AT&T and Time Warner plan to merge in an $85.4 billion deal that would unite one of the largest distributors of content with one of the biggest producers of content, a roster that includes hits like HBO’s ‘Game of Thrones’, the Harry Potter films and major cable franchises like CNN.
The trial to determine if the U.S. Department of Justice can stop AT&T’s purchase of the media company, according to Reuters, will begin on March 19 with no decision expected before the companies’ April 22 deadline to complete the deal, a federal judge said on Thursday.
How the judge rules in the case has the potential to shape the fast-changing business of video, as consumers increasingly turn to streaming services instead of traditional cable TV. AT&T, a nationwide satellite TV and wireless provider, argues that pairing up with a major content company is necessary to compete against the reach and resources of tech giants like Netflix and Amazon. But the Justice Department did not agree.
The decision will frame the competition among Silicon Valley, Hollywood and Madison Avenue, while also establishing what kinds of corporate mergers – in the media industry and beyond – will be permitted in the years to come.
“This court case is so important it is hard to know where to start,” said Amy Yong, a research analyst at the investment firm Macquarie. “This case is at the heart of what we do in our everyday lives.” The analyst was quoted on The New York Times.
Why is the Justice Department suing AT&T?
The government, according to Recode, says the merger will be bad for consumers. A combined AT&T and Time Warner would have much more heft and could force higher prices on TV distributors, leading to higher cable and satellite TV bills.
“Consumers will end up paying hundreds of millions of dollars more than they do now to watch their favorite programs on TV,” the Justice Department said in court filings.
For the better part of a year and a half, the acquisition was regarded, more or less, as a fait accompli. That changed completely in November last year when the Justice Department moved to block the deal, NYT reported.
Now the talk in media circles revolves around what will happen if the acquisition is stopped and Time Warner – the owner of HBO, Warner Bros., CNN, TBS and TNT – is made an orphan. And what will it mean for the old-guard entertainment companies in the streaming age?
“I think it’s important for the ecosystem, the media ecosystem, that this deal goes through,” said David Zaslav, the chief executive of Discovery. “For the first time in the history of this business, you have these massive global companies — Facebook, Netflix, Amazon, Google – of a scale we have never seen. They are like massive transformers.

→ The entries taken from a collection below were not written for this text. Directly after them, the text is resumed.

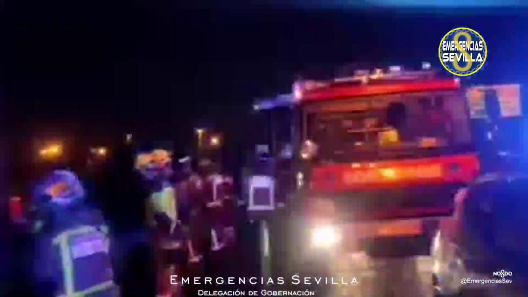 Los agentes de la Guardia Civil también se desplazaron hasta el lugar de los hechos. Las autoridades buscan esclarecer los hechos en la ciudad hispalense después de rescatar a la conductora del coche que tan solo presenta heridas leves tras la colisión con un camión.
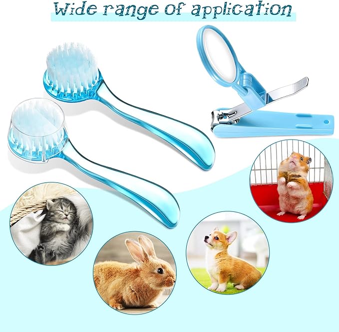 - You will get: 2 pieces soft bathing brush in blue and a nail clipper with magnifer in blue, nice quantity tool to keep your pet clean
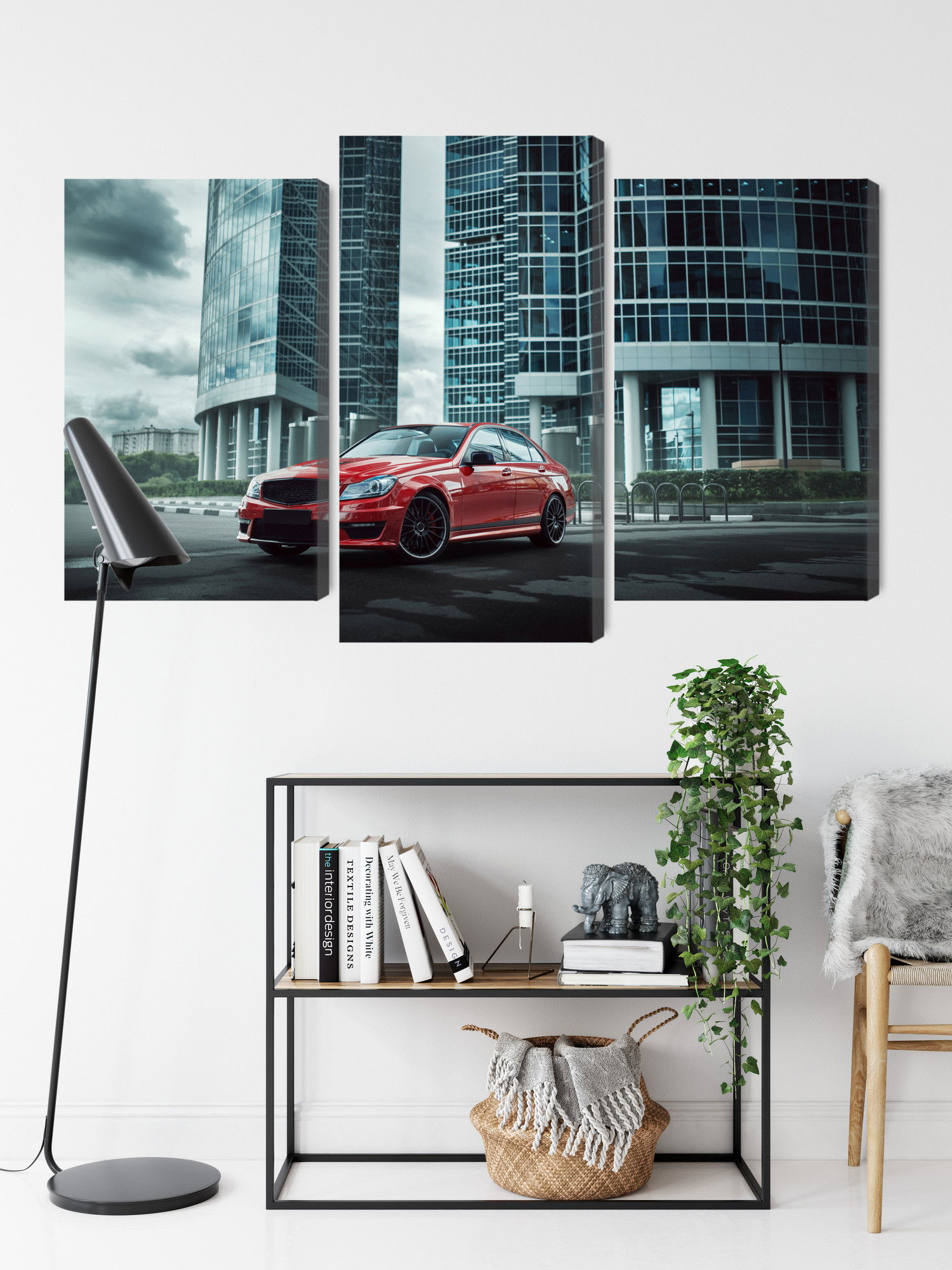 Ljuddämpande tavla – Red car on a background för lugnare rum och mjukare akustik

Mr Zaslav was quoted on the newspaper.
The media industry has undergone significant change since the blockbuster deal was announced in October 2016.
What are the stakes for AT&T and Time Warner?

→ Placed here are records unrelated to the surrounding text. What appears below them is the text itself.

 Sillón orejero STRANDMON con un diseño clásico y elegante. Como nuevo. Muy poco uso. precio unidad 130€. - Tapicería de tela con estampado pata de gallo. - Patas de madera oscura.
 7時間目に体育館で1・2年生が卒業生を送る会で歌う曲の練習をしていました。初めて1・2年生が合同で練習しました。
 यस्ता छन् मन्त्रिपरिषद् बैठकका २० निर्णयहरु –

Time Warner could lose out on $85 billion – which would go to its shareholders, including executives. Anyone who bought stock prior to news of the deal stands to gain at least a 36 percent profit based on AT&T’s offer of $107.50 per share, Recode reported.
But after the government filed its suit, shares dropped below $100, a sign of low-to-medium confidence that the merger will be approved.
If AT&T loses, it would also have to pay Time Warner $500 million in what’s known as a reverse breakup fee. That’s small relative to the typical payout, usually between 3 percent to 9 percent of the deal size. In this case, it’s less than 0.6 percent. Time Warner and AT&T, it seems, were confident the deal would pass regulatory muster, which might explain the low fee. The Trump Administration, of course, ignores all past precedent.
It would also be a blow to Time Warner CEO Jeff Bewkes, who sees this deal as his grand exit.